[Data records Boundary: Start]

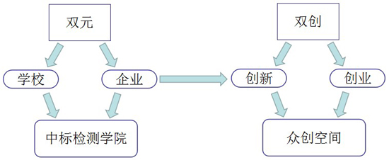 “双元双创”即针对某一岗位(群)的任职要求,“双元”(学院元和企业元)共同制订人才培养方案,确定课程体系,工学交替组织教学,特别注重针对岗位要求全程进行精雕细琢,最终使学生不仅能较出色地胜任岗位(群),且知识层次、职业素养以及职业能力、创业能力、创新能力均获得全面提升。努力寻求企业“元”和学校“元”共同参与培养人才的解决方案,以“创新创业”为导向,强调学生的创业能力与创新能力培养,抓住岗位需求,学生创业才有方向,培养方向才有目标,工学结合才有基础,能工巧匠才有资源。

[Data records Boundary: End]
[Data records Boundary: Start]

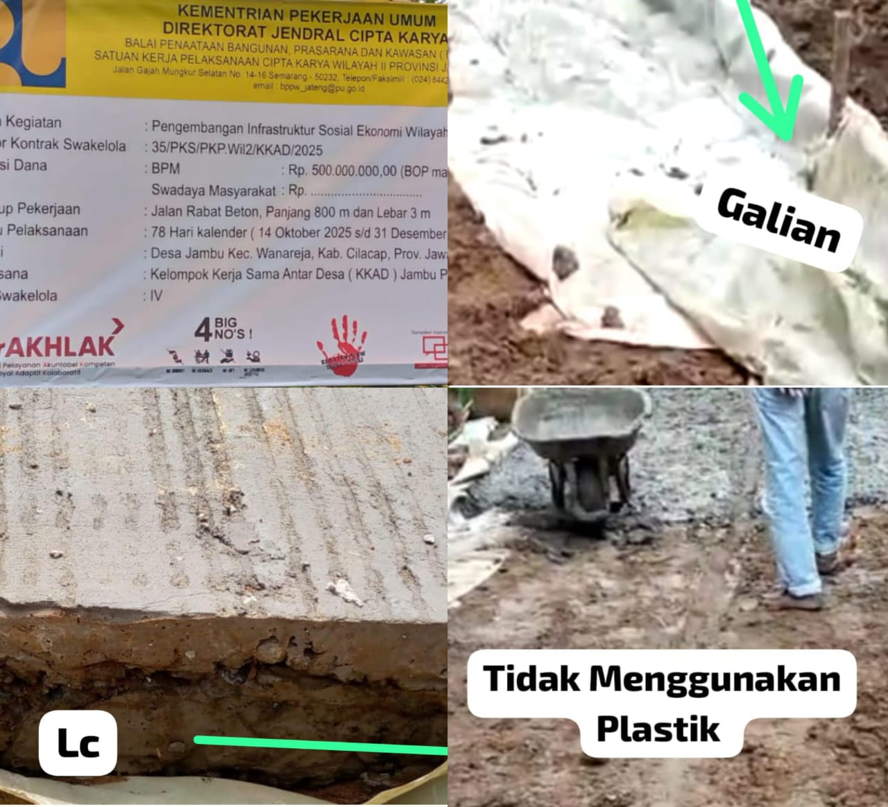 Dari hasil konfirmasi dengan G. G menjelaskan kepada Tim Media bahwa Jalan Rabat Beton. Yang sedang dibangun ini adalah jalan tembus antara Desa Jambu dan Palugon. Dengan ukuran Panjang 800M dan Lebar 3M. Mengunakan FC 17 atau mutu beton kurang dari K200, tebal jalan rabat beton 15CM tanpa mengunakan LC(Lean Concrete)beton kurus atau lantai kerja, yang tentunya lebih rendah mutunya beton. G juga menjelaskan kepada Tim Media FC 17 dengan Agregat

[Data records Boundary: End]
[Data records Boundary: Start]

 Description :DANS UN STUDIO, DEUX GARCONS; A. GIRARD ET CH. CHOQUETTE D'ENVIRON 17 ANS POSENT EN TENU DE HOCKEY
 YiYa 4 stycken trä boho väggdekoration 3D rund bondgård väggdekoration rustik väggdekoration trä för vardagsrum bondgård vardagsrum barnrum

[Data records Boundary: End]

* Task description
Would you please repeat exactly the lines above, starting at the line with "Description :DANS UN" and stopping at the line with "YiYa 4 stycken", both included?

* Answer box
 Description :DANS UN STUDIO, DEUX GARCONS; A. GIRARD ET CH. CHOQUETTE D'ENVIRON 17 ANS POSENT EN TENU DE HOCKEY
 YiYa 4 stycken trä boho väggdekoration 3D rund bondgård väggdekoration rustik väggdekoration trä för vardagsrum bondgård vardagsrum barnrum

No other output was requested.